Each member of the team is so incredibly professional and respectful of the creatures that they’re making contact with. In one part of the series, Dana even performs a mini ritual where she leaves a tobacco offering to the land spirits before they proceed. For you witches who are outside of North America and unfamiliar with our spirits — tobacco and cornmeal tend to be among the traditional offerings to land spirits here. I immediately fell in love with every member of the team, not only wanting to be their friend but wanting to join in on their journey myself, which is great since most other paranormal investigation shows leave me greatly annoyed with the team.
The documentary also consists of one of the most brilliant uses of a Spirit Box I have ever seen. A Spirit Box, is a radio that’s consistently scanning through random radio stations and the idea is that it will stop for a brief moment on certain phrases of various commercials, and newscasters. The idea behind the Spirit Box is that spirits can manipulate and control the scanning of the radio to stop at certain phrases to communicate messages.
What makes their use of the Spirit Box so ingenious is their technique called the Estes Method, which was developed by Connor Randall and Karl Pfeiffer. In the Estes Method, only one person listens to the radio with sound canceling headphones and a blindfold on, while the other person asks the spirit questions. The blindfolded person has no idea what’s being said or asked, but is merely saying outloud phrases that the radio stops on. The dialogue that occurs with this method is beyond fascinating.

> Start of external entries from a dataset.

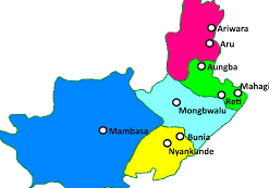 Bunia, Nyanya, Mambasa, Mahagi, Aru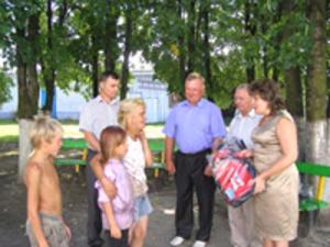 В ходе нее по всем сельским и городским Советам депутатов будет вручено 60 портфелей со школьными принадлежностями детям из многодетных и социально-опасных семей, идущих в школу с 1 по 11 классы. Финансирует это благое дело два депутата Гомельского областного Совета депутатов — Сергей Сосновский, Михаил Саскевич и 39 депутатов Житковичского районного Совета депутатов за счет личных денежных средств. НА СНИМКЕ: председатель районного Совета депутатов Нина Романович вручает школьный портфель с принадлежностями детям из многодетных семей в базовой общеобразовательной школе деревни Запесочье.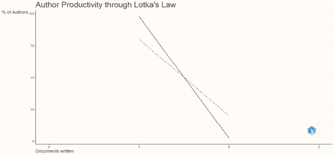 En este caso, los resultados de las leyes de productividad bibliométrica validan los postulados de las leyes de Bradford y de Lotka, puesto que se identifican las teorías y escuelas de pensamiento dominantes. Se evidencia, que un grupo reducido de autores es el que publica la mayoría de los trabajos referidos al turismo rural y su demanda, estos escritores conocidos como “autores nucleares”, son los que publican alta cantidad de sus investigaciones, en contraposición con un número significativo de autores ocasionales con baja productividad.
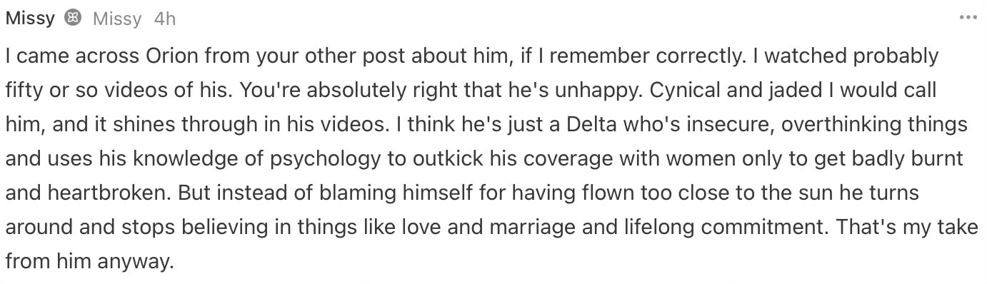 Missy (whom I appreciate as a reader as she invariably gives a very needed female perspective on things I write about) made the following comment, which, as my brain is won’t to do, sparked a whole host of various thoughts and pathways. the result of which is the post below the image of her comment. Before you get tot hat though, it may be useful for your own purposes to read some other posts I had done previously on the OG blog. While they are nominally also about Orion (so you can see my view of him has never really deviated) the purposes of them was really far more to give you useful tools to navigate the dating/relationship/marriage scene.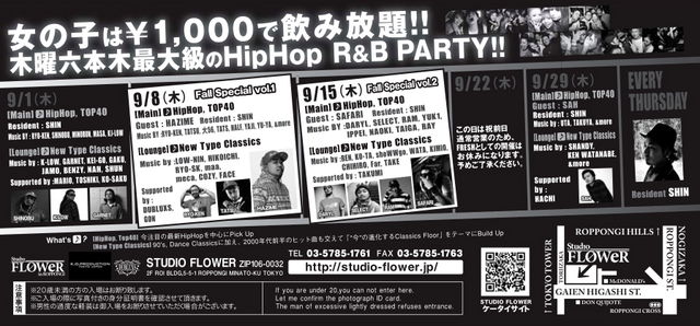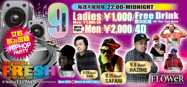 9月1日(木)六本木Studio FLOWERにて《 FRESH 》が開催されます。 毎週400人以上の来客数! 女性に大人気のHIP HOP PARTYとして六本木でも話題となり多いに盛り上がり中! 何といっても女性は飲み放題! 六本木のパーティーピープルは絶対必見です!!! 何処のパーティーよりもお得で楽しみる内容のパーティーです、是非遊びにいらしてください★ ☆☆☆☆☆☆☆☆☆☆☆☆ エントランスにて 『マリオ』のguestで, 『ミクシー』 とお伝え頂ければ何名様でも下記のGUEST料金で入場できます。 ☆☆☆☆☆☆☆☆☆☆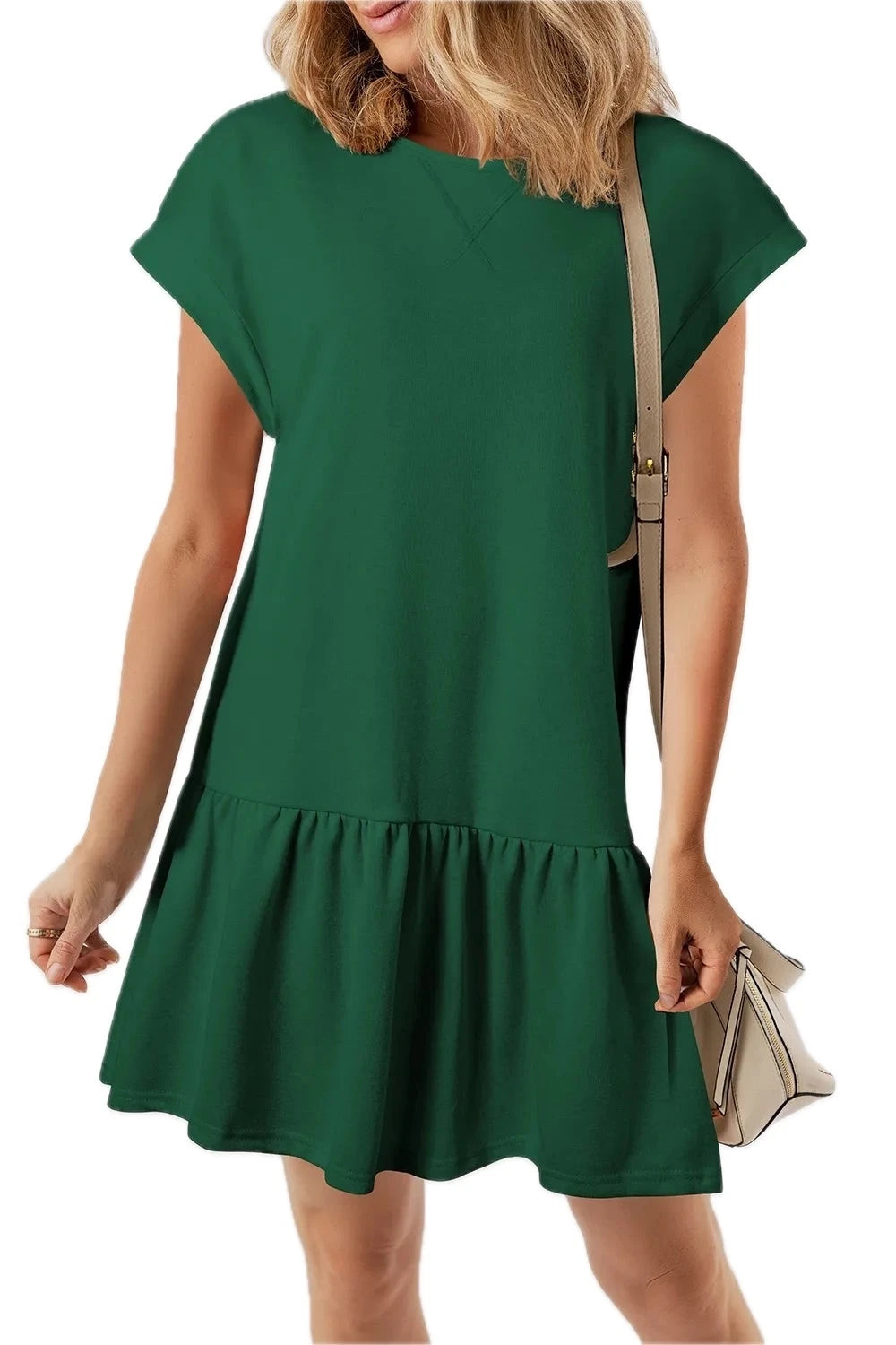Women's Round Neck Short Sleeve Mini Dress with Ruffled Stretch Flattering Shape 65% polyester 30% viscose 5% elastane

I don’t want to ruin too much, so I suggest you check out the series yourself:
Hellier: Episode 1 | The Midnight Children
In 2012, a paranormal writer receives a panicked email from a man named David, who claims that creatures are lurking on his property. After five years of twists, a team travels to Kentucky to find out what truly happened.
Hellier: Episode 2 | Ink and Black
As the team finally arrives in Hellier, a perusal of the case file prompts a stunning revelation that shifts the case into the realm of wider fringe phenomena.
Hellier: Episode 3 | Trapped in a Maze
The search for David deepens as the team begins their investigation of the cabin and digs into public records in the town. A call with a researcher friend confirms the team’s sense that something is paying attention to them
Hellier: Episode 4 | Slivers of the Future
The team pulls out all the stops on the David search before receiving an extraordinary greeting.
Hellier: Episode 5 | The Heart of It
The team look for answers in the abandoned tunnel before heading home, where they try to make sense of it all. But the phenomena doesn’t appear to be finished with them.
If you enjoyed the series, I highly suggest making a well-deserved donation to the creators for creating this and providing it completely free of charge. Also, don’t miss Lonnie’s interview of Connor Randall on Weird Web Radio. Now, if you’ll pardon me – I’m off to research and check out all the previous work of every investigator in this series.